Central to this is the need to deliver greater flexibility and support for working families. That much should be self-evident. Yet, fine words notwithstanding, a quick appraisal of existing economic policy totems might lead you to conclude that people are the awkward things that get in the way of policy implementation and foul up the smooth running of business.

This country can be a cold, cold place for working families. In reality, we are at the wrong end of every relevant, comparative chart and graph across the EU15 and we sometimes fall behind the new accession states in terms of services and supports for working families.

While our public spending on families has more than doubled since 1980, we still spend less, as a percentage of gross domestic product (GDP), on this crucial sector of the population than 11 other European countries, including Hungary. Their public spending on families accounts for over 3.5 per cent of GDP, ours just 2.5 per cent, according to the Organisation for Economic Co-operation and Development.

In terms of the mechanisms and services that facilitate workplace flexibility for families, we are among the worst in Europe. Leave schemes (maternity and paternity leave) are prominent examples. A 2005 EU study that combined and weighted existing EU schemes in terms of payment found Ireland in 14th place.
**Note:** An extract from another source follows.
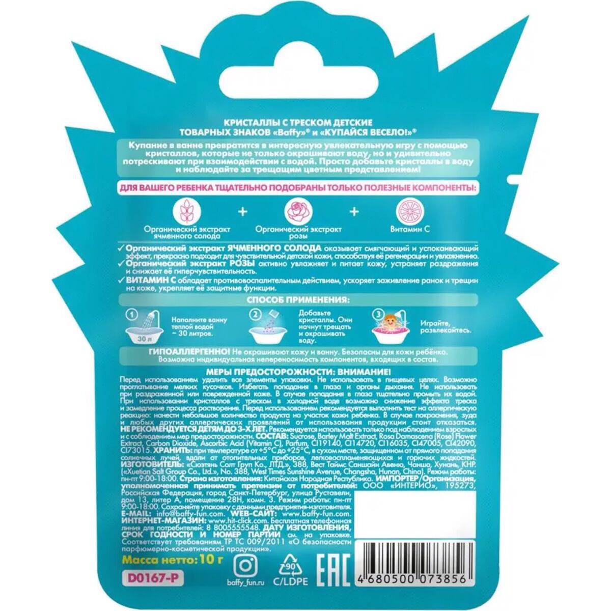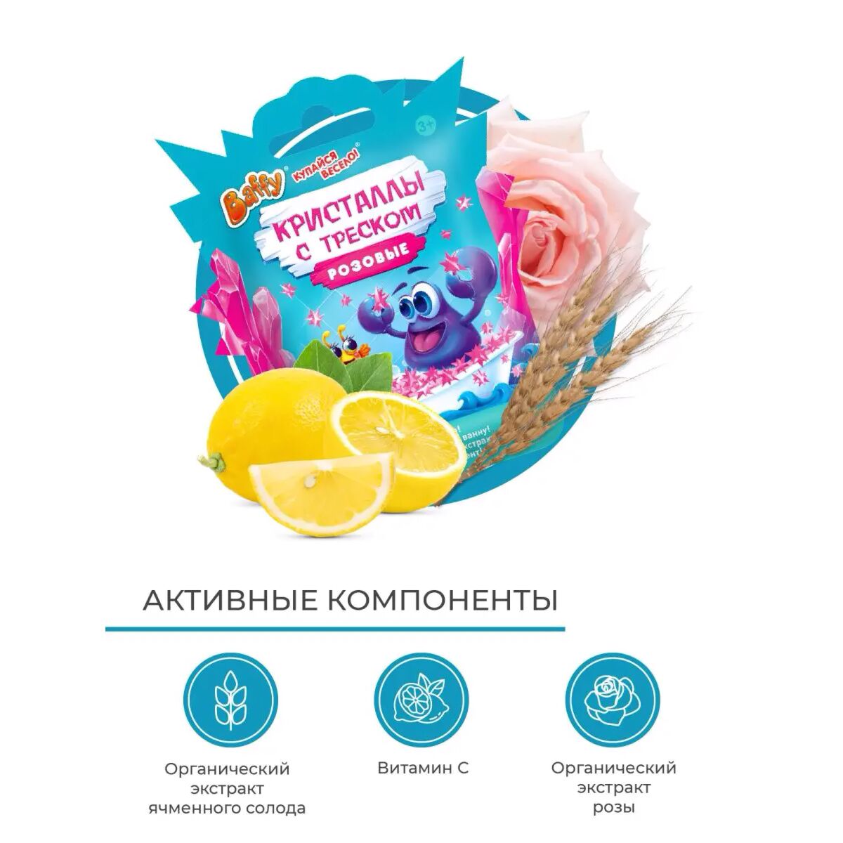 В составе кристаллов тщательно подобранные и только ПОЛЕЗНЫЕ компоненты: Органический экстракт ЯЧМЕННОГО СОЛОДА оказывает смягчающий и успокаивающий эффект, прекрасно подходит для чувствительной детской кожи, способствуя её регенерации и увлажнению.

The situation is exacerbated by restrictive employment practices. In March 2006, the CSO estimated that some 80 per cent of our workforce had no discretion over what time they started and finished work.

And then there is the issue of childcare which, to date, has hardly been characterised by what might even be remotely described as joined-up thinking. In fact no thought other than the old canard that "the market will provide" appears to have been given to this crucial issue.
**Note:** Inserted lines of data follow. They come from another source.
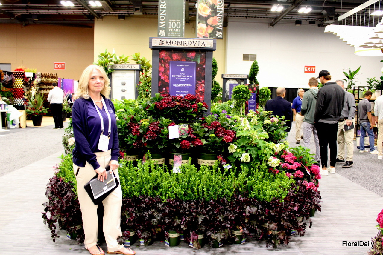 Kari Ryder-Morton of Monrovia next to the Centennial Ruby Hydrangea that was launched to celebrate Monrovia’s 100-year anniversary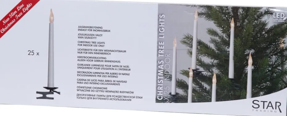 SlimLine Weihnachtsbaum mit 25 Lichtern von Star Trading. Lichterketten, die wie traditionelle Weihnachtsbaumlichter aussehen. Die Weihnachtsbaumlichter haben 25 kleine LED-Lichter, die ein schönes Leuchten erzeugen. Jede Kerze hat eine schöne Flamme und einen Kerzenkragen. Unter jeder Kerze befindet sich eine praktische Klammer, mit der Sie sie am Baum befestigen können. Fügen Sie Ihrem Weihnachtsbaum klassischen Schmuck hinzu und verbreiten Sie eine schöne Atmosphäre in Ihrem Zuhause mit Weihnachtsbaumlichtern. (automatische Übersetzung von www.nordicnest.se)
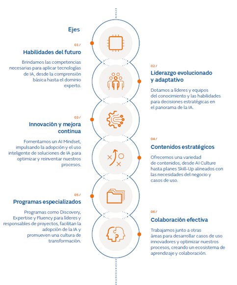 • Escuela de la IA (Inteligencia Artificial): Es una palanca para impulsar el perfil digital y preparar a los profesionales para los desafíos y oportunidades de la IA.

There are serious moral and child development issues at the heart of this matter but as yet, we have not even managed to frame the debate in what is its proper context. Yet, as the recent OECD report Babies and Bosses concludes: "... the available evidence seems to suggest that child development is negatively affected when an infant does not receive full-time personal care for the first 6-12 months of the child's life".

In our pre-Budget submission, Congress explicitly sought the introduction of a package that would have allowed parents to combine leave entitlements and provide that vital first 12 months of care themselves. Unfortunately, bricks and mortar carry more weight than babies these days.

Indeed our public spending on childcare falls well below the OECD average and ranks us 27th out of 28 countries surveyed. Only Korea manages to spend less. Thus, the burden is transferred to hard-pressed parents with almost 25 per cent (24.8) of average earnings now required to pay childcare costs - the OECD average is 16 per cent and in many EU countries it is comfortably below 10 per cent.

Left at the mercy of the market, we now have a childcare model of inconsistent quality so that, the OECD again concludes, "the costs of childcare can be so high that in the short term work does not pay for many second earners in couple families...." This is economic and social madness which harms our productive capacity and does untold damage to working families.

Our priorities are utterly skewed. We need to put people at the centre of all that we do, refocus our services so that they support and not hinder working families. If we continue to be held back by slow learners we will soon be eclipsed by the societies that invest in people and which are learning to work smarter. We need more time for working families.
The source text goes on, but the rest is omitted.